Hail, Caesar!: Silly brilliance by the Coen Brothers. Time is the early 1950’s. Place is Capital Pictures, a mythical Hollywood movie studio. The film opens with a focus on Eddie Mannix (Josh Brolin), who is the “Head of Physical Production” for Capital and a “Fixer”. Everything that happens thereafter flows through Mannix. This movie works because despite the utter silliness and seeming chaos of the underlying tales, the Mannix character threads through and connects everything. The story takes place over a few consecutive days and runs the gauntlet of Mannix dealing with twin gossip columnists (Tilda Swinton) to Baird Whitlock (George Clooney), the lead actor in a movie called “Hail, Caesar”, being kidnapped. Whitlock’s kidnapping is the primary story line, however, there are numerous sub-stories. For instance, a pregnant but unmarried Ester Williams type actress (Scarlett Johansson) investigates whether she can legally adopt her own child, which leads to a brief and funny appearance by Jonah Hill as an accountant who will make it happen. Then there’s Channing Tatum as a Gene Kelly type actor with his own unique issues. The actor who is brilliant throughout the film is Alden Ehrenreich as Hobie Doyle, a Singing Cowboy who is asked to do a period drama, which leads us to Ralph Fiennes as the director who must deal with Hobie’s total lack of acting ability, and Frances McDormand as a film editor who has a near fatal accident. While tumbling through the ruckus of these incidents, the movie returns to Whitlock’s kidnapping and the kidnappers. This entire 100 minute film is done in a blaze of fun. The actors project a genuine joy in romping through this parody of various movie stars from the 1950’s. The film is brilliant and for anyone who enjoys movies, this is a must see.
Friday, February 5, 2016
The Finest Hours: a rescue at sea & romance combo. The advertisements for this movie center on the fact that it is a true story of a miraculous rescue at sea. The opening scene, however, is the first date between Coast Guardsman Bernie Webber (Chris Pine)and his bride to be, Miriam (Holliday Grainger). In fact, a significant portion of the film is devoted to their love story. The time is Winter 1951 and the location is Cape Cod. The focus remains on the Bernie/Miriam romance until February 1952, when the couple become engaged. At this point, the film finally switches, for the most part, to the massive storm and the subsequent rescue. The rescue is dramatic and, to this day, remains the most successful Coast Guard small boat rescue on record.

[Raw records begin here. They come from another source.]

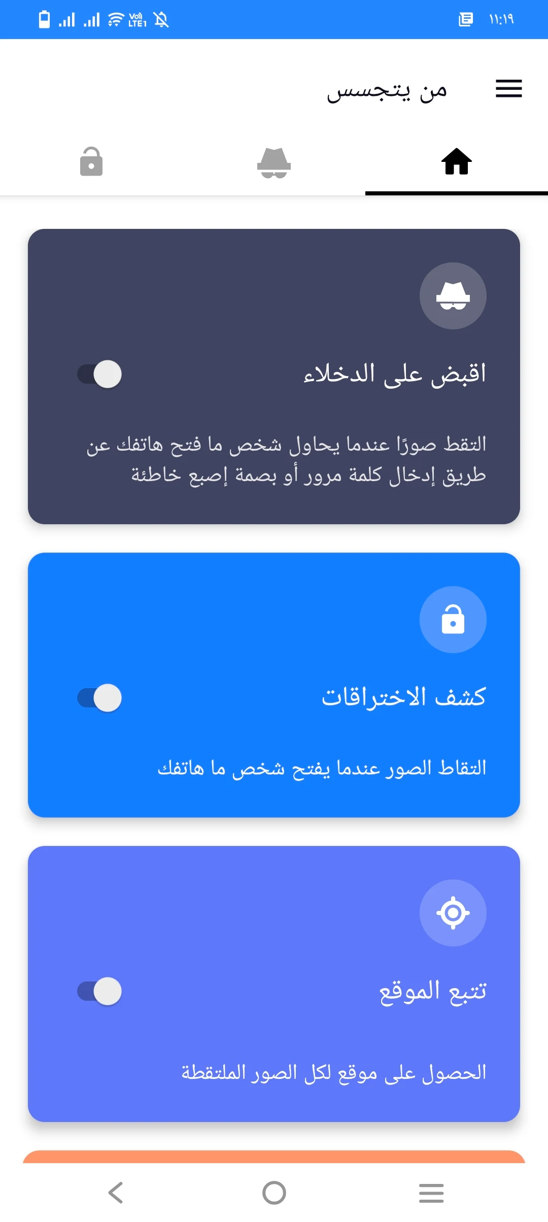 • نعم، عند محاولة فتح الهاتف بكلمة سر خاطئة أو تحريك الجهاز، التطبيق يلتقط صورة للمتطفل بصمت كامل.
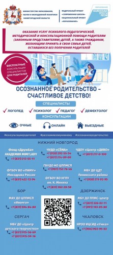 В Нижегородской области в 2022 году продолжается реализация мероприятия по оказанию услуг психолого-педагогической. методической и консультативной помощи родителям (законным представителям) детей, а также гражданам, желающим принять на воспитание в свои семьи детей, оставшихся без попечения родителей, в рамках федерального проекта "Современная школа" национального проекта "Образование". В 2022 году победителями конкурсного отбора от Нижегородской области стали 11 образовательных организаций, в том числе МБУ ДО ППМС-центр города Дзержинска.
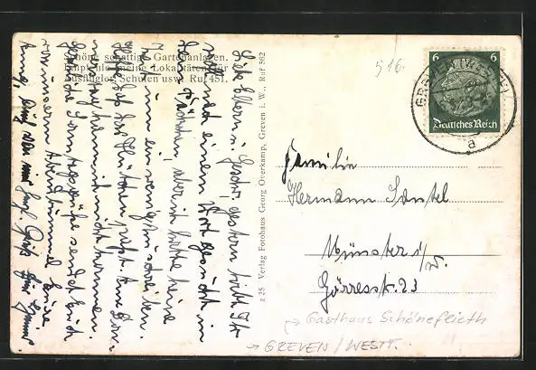 AK Greven /Westf., Gasthaus Schöneflieth
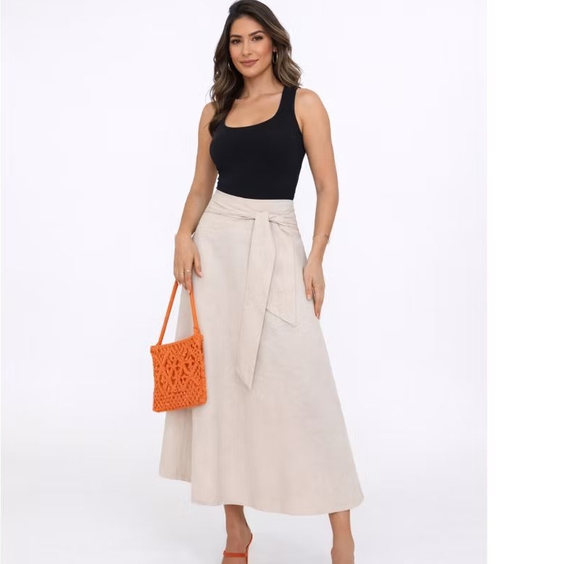 saia femenina Midi em linho
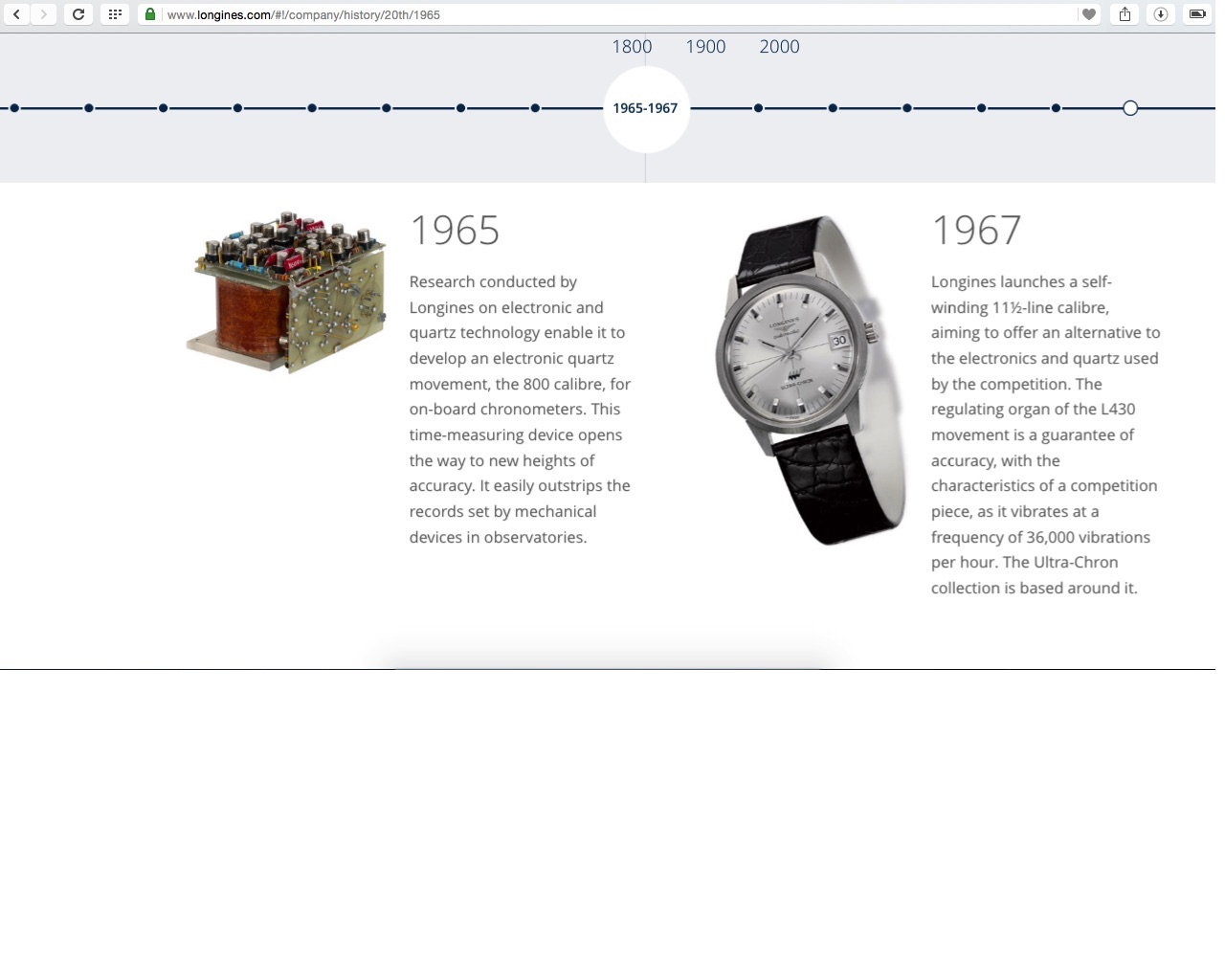 В 1967 году, в честь столетия Longines выпускает 11,5-линейный калибр с автоматическим заводом, который призван стать альтернативой электронике и кварцу, используемым конкурентами. Залог точности часов - регулирующий элемент механизма L430, который отличающийся такими же характеристиками, что и механизмы хода, разработанные для конкурсов точности. Его частота - 36 000 колебаний в час. Вся коллекция получила название Ultra-Chron.
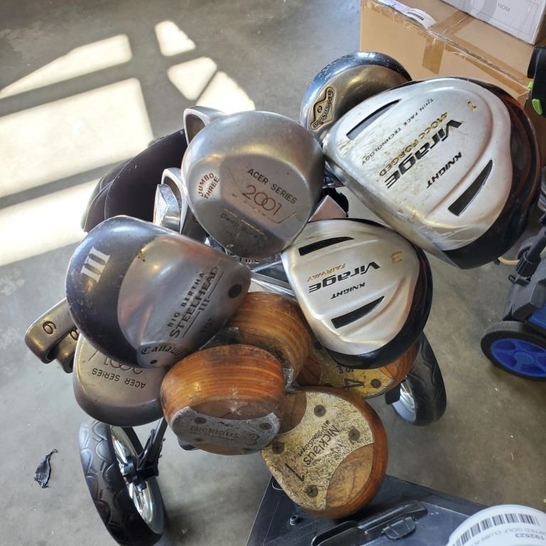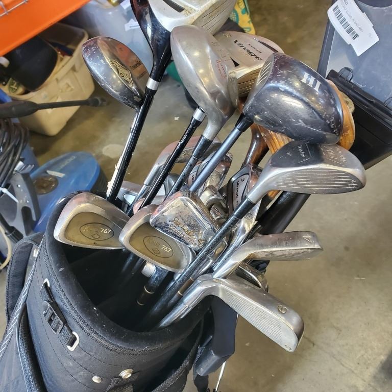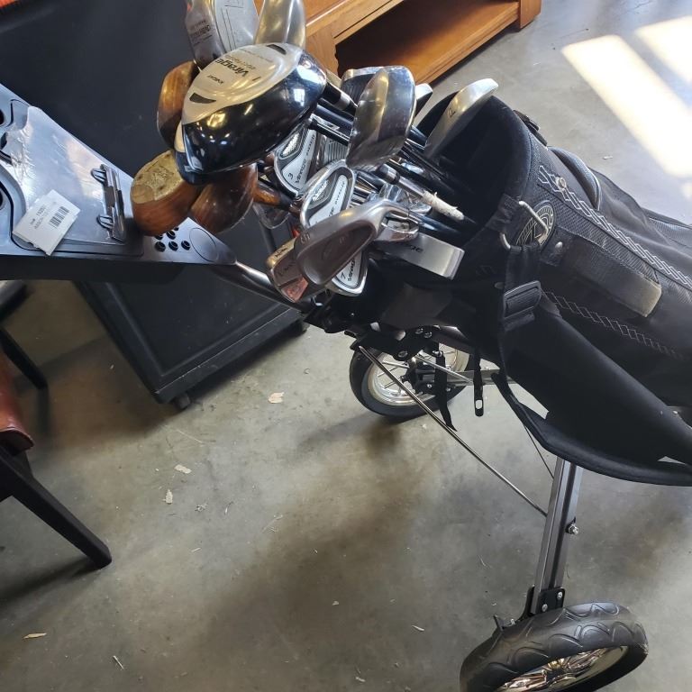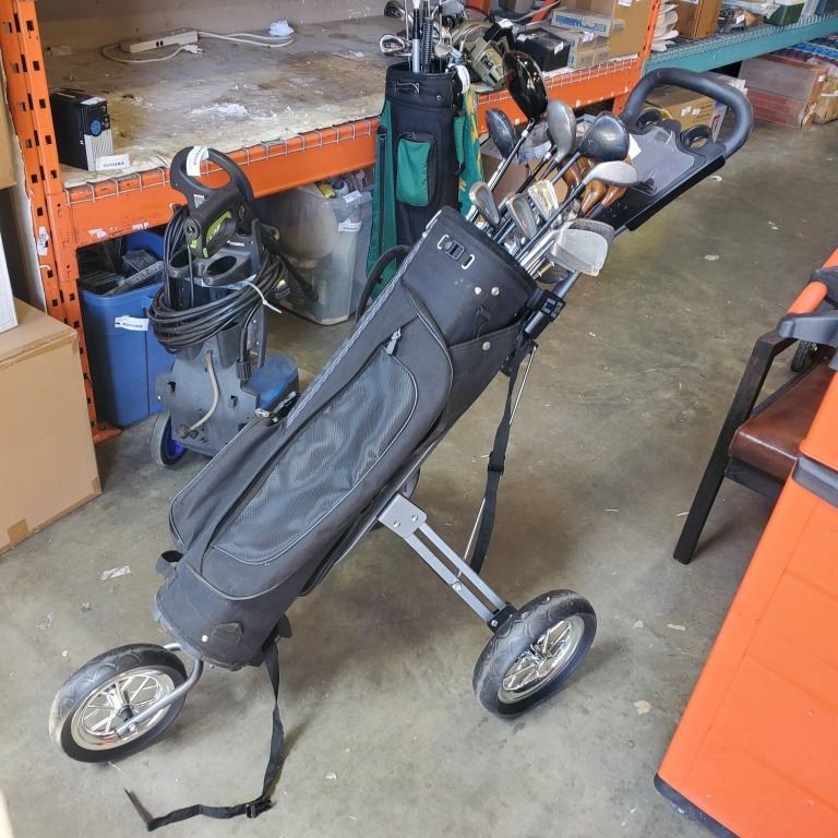 ASSORTED GOLF CLUBS IN BAG AND FOLDING GOLF CART
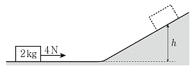 그림과 같이 수평면에 정지해 있던 질량이 2kg인 물체에 수평 방향으로 4N의 힘을 2초 동안 작용하였다. 물체가 수평면을 지나서 경사면을 따라 도달할 수 있는 수평면으로부터의 최대 높이 h[m]는? (단, 수평력이 작용되는 동안 물체는 수평면에 있고, 물체의 크기 및 모든 마찰과 공기 저항은 무시하며, 중력 가속도는 10m/s2이다)
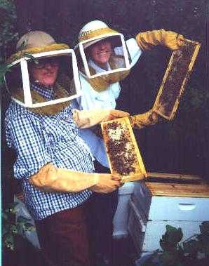 Helen shows off her hive to LaVonne.![]() |
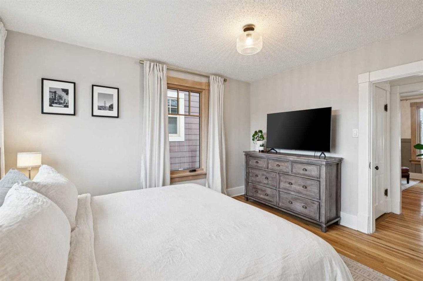 Open House Sat Feb. 14th 1-3pm! Located on the highly desirable 300 block of 11A Street NW in the heart of Hillhurst “proper,” this exceptional property offers an unbeatable inner-city lifestyle as it is just steps from Calgary’s iconic Kensington shopping district, the Sunnyside LRT Station, Riley Park, & the Bow River Pathway System, is within easy walking distance to Hillhurst & Queen Elizabeth Schools, & Downtown is a quick 20-minute walk, it doesn't get more convenient. Situated on a generous 30 x 125 ft lot, this beautifully restored 1912 character home offers >2000 sq. ft. of living space, seamlessly blending heritage charm with extensive modern upgrades. Original details have been thoughtfully retained, including maple & oak hardwood floors, original balusters, & heritage millwork, now complemented by new custom Lux wood windows throughout, improving energy efficiency while remaining true to the home’s historic character. The main floor features a welcoming living room & a spacious dining area with double French doors opening to a large, multi-tiered deck, perfect for entertaining. The modern galley kitchen is well-appointed with a Viking gas range with griddle, Miele dishwasher, newer refrigerator with ice maker, white quartz countertops, a double farmhouse sink, & ample prep space. Just off the kitchen, a cozy nook with a wood-burning stove & built-in desk provides an ideal work-from-home or reading retreat. Upstairs, you’ll find three bedrooms, including a serene primary retreat offering downtown views, a walk-in closet, & a private ensuite with new vanity. The fully developed basement delivers a contemporary feel with a large entertainment room, full 3-piece bathroom, dedicated office, & laundry room. New carpet lends warmth to the space. This home has undergone substantial mechanical & infrastructure upgrades, including: new 200-amp electrical panel, updated plumbing with all Poly-B removed & replaced with PEX, replacement of original lathe & plaster, & updated main sewer line. Comprehensive insulation upgrades include fiber-glass insulation in all above-grade exterior walls, soy-based spray foam in the basement, & R-50 attic insulation Comfort & efficiency are enhanced by a 92% high-efficiency furnace with Nest thermostat & a Navien on-demand hot water system. Additional upgrades include meticulously refinished interior doors & fresh paint throughout. Outside, enjoy the rebuilt two-tiered deck constructed from salvaged heavy cedar timbers, along with new front & rear landscaping, thoughtful uplighting, new aggregate concrete patio & walkways, & new fencing. Completing the property is a new oversized double garage (insulated, drywalled & heated) with a fully equipped custom workshop, featuring a foldaway work table, large built-in work surfaces with French cleat storage system, & wall-mounted bike storage. A rare opportunity to own a thoughtfully upgraded character home in one of Calgary’s most coveted inner-city communities. Call for more information!
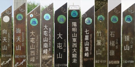 On each of the summits, there is a marker post, and on the top of each post is a Chinese character in metal ~ use a pencil and paper to do like a brass rubbing (or just take a photo!) Put together in order and these characters make a phrase. The 10 Chinese characters are: Mt. Ding (“陽”), Mt. Shiti (“明”), Jixinlun (“山”), Mt. Qixing East Peak (“東”), Mt. Qixing Main Peak (“西”), Mt. Datun Main Peak (“大”), Mt. Datun South Peak (“縱”), Mt. Datun West Peak (“走”), Mt. Miantian (“活”), and Mt. Xiangtian (“動”). The whole phrase, 陽明山東西大縱走活動 translates as the ‘Yang-Ming Shan East-West Vertical Traverse Activity’. These are the 10 summit posts (left to right in the order I did them), though with Mt Zhugao instead of Jixinlun ….
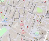 Its commercial premises are mostly textile or hotel establishments. The famous Almacenes Clarita textile shop opened in 1916.[13] The square is located next to the Convent of St. Francis and the small squares of the Estrella (700 m2), and Orense (700 m2), as well as the 1,000 m2 Casto Sampedro square.
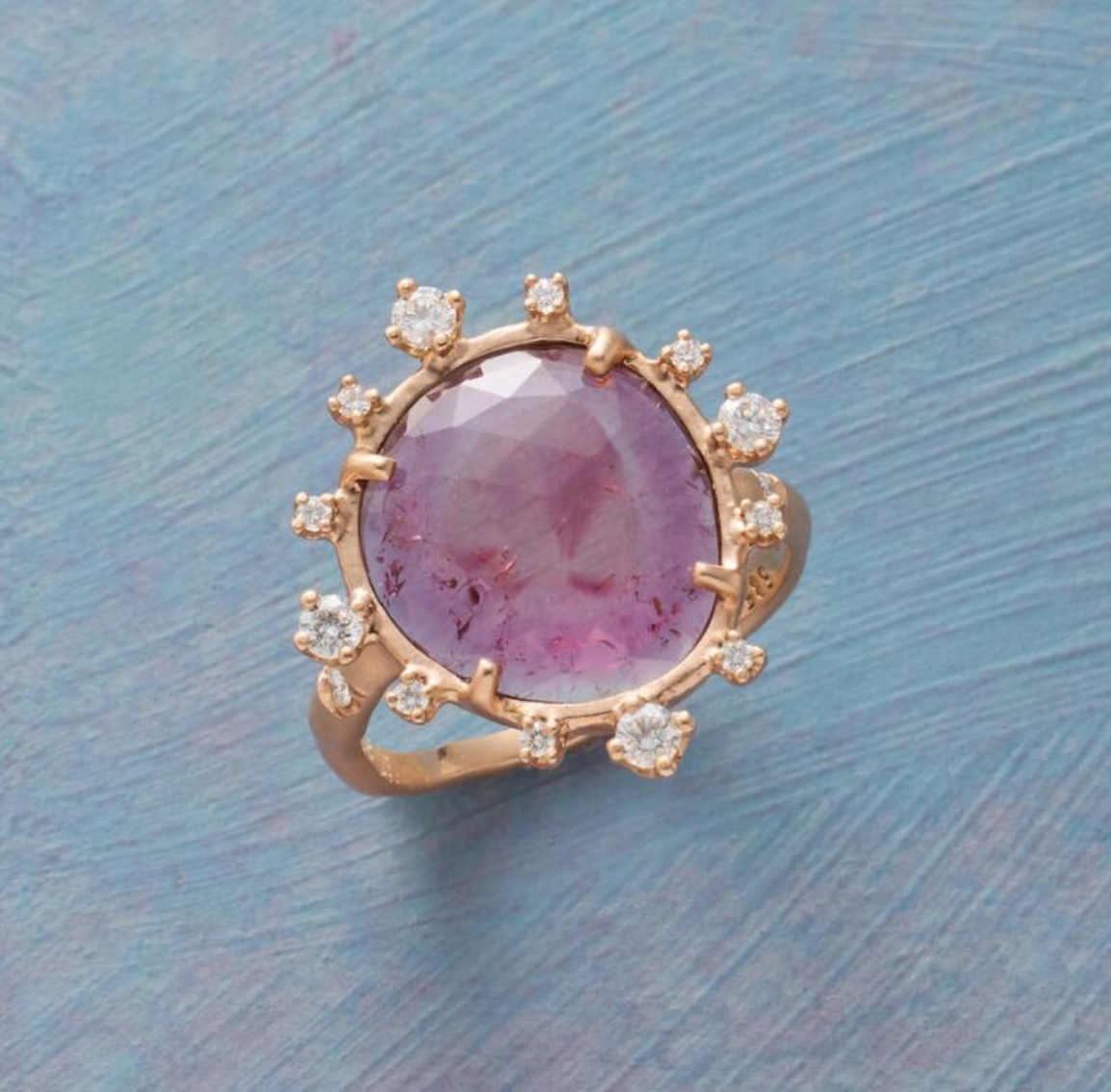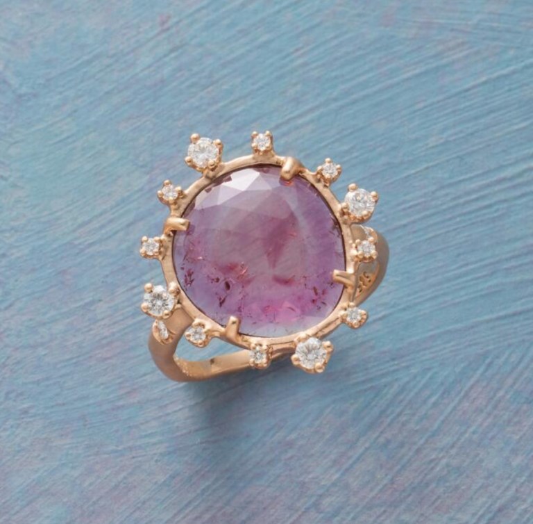 This ring by Christopher and Mai features a pink tourmaline stone as its focal point.

Webber and his 3-man crew accomplish something no less than spectacular in dealing with an oil tanker split in two during an extreme Atlantic winter storm. The scenes involving the floating half of the tanker are the strongest parts of this movie as are the scenes with Webber and crew crossing a sandbar to get to the tanker. During the run of the credits, we learn that Bernie and Miriam were together for 58 years, which is wonderful. The movie, however, has a distinct Hallmark ambience and too much of the 117 minutes are devoted to Miriam. The exceptions are those scenes involving Miriam’s conversations with a widow who lost her husband in a similar storm. Rachel Brosnahan gives a strong performance as the widow. Casey Affleck, as the chief engineer who manages to keep the tanker afloat long enough for Webber to arrive, also turns in a strong performance. Unfortunately, The Finest Hours may also have provided 2016’s worse performance in a supporting role. Eric Bana is terrible as Chief Warrant Officer Daniel Cluff, Webber’s commander, and his attempts at mimicking a Southern accent are abysmal. The movie’s director is Craig Gillespie. The scenes at sea work, especially those on the tanker. The same cannot be said for the far too abundant scenes on land.